CALGARY -- Calgary’s Indefinite Arts Centre says Feb. 27 could be a very big day for the organization. 

The provincial budget drops that day and the centre is hopeful they will receive $7.5 million from the province, spread out over three years. 

The centre offers programs to people living with disabilities. 

Their current home is in a building built in 1961 — that was attached to the old Fairview Arena. Its roof collapsed in February 2018 and was subsequently demolished. 

“That collapse has allowed us to think bigger about what our home should look like,” said CEO Jung-Suk Ryu. 

Plans are in place to build a $21.5-million project that would include three buildings, accessible for all, where the current facility sits.

“For the most part it's going to be a completely brand new build,” said Ryu.

“There’s going to be an expanded visual arts space, because we have a wait list of over 100 artists trying to get into our program.”

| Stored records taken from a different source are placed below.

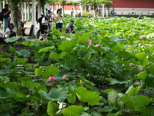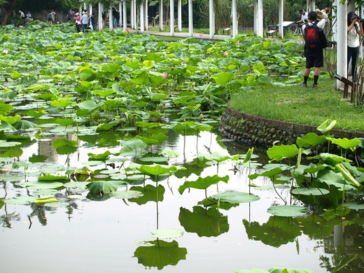 台北市可以賞荷花的地方,目前我只認識植物園與士林至德園這2個好地方(平常太少自己出門了)。植物園的荷花池不小,目前尚未到荷花盛開期,但是陸續綻放的花朵,已足夠吸引攝影愛好者。攝影攜帶的配備,有壯觀配備,也有攜帶小而巧配備者,都是愛荷者或攝影高手。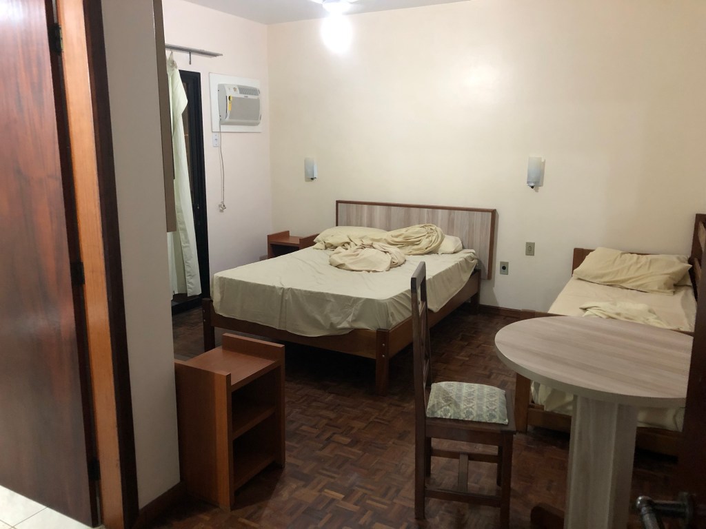 O quarto em que ficamos era espaçoso, com cama de casal e uma bicama, além de banheiro com um chuveiro de alta pressão, sacada, ar-condicionado, ventilador de teto, mesa e TV. Simples, porém confortável, com colchão bom! Na área comum, sala de jogos, churrasqueira, três piscinas (uma com toboágua) e garagem. O pessoal foi muito atencioso.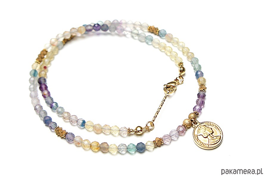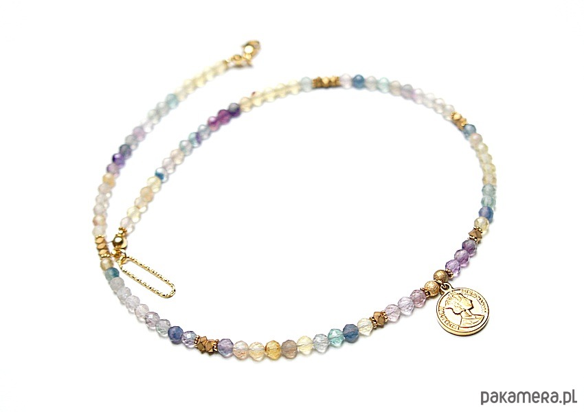 Krótki, delikatny naszyjnik wykonany w całości z pozłacanej stali szlachetnej oraz naturalnych kamieni - fasetowanego fluorytu [4mm], przekładek z hematytu [3 x 2mm]. Naszyjnik o długości ok. 43cm. Biżuteria ozdobnie zapakowana.

Indefinite Arts currently serves more than 300 artists living with disabilities and the wait list of more than 100 is about two years.

The city has previously said it will not be rebuilding the arena, and was brainstorming how to transform the space. 

"On very valuable, publicly owned land, we are no longer going to do one thing," said Ward 9 Coun. Gian Carlo Carra.

Carra added there are no concrete plans for the area. 

"I think in the short term, it's green space proposition. As things like Indefinite Arts and stuff starts to happen there, maybe we do housing over more art space, maybe we do seniors housing, as we want this to become a hub for community." 

According to Ryu, there are many problems with the current facility, as water pools in different areas, the roof is slanted and there are a number of cracks in the walls. 

Ryu adds that if they receive funding from the province, they would look for a matching $7.5 million from Ottawa, and then have to raise $6.5 million over three years through the community. 

“It's a busy place day-to-day and we definitely have a need right now, we’re bursting at our seams," he said.

If construction begins this year, the organization plans to finish by 2023. 

“Today we’re about six to eight months from being able to break ground," said Ryu.

"But there are a number of pieces that are outstanding."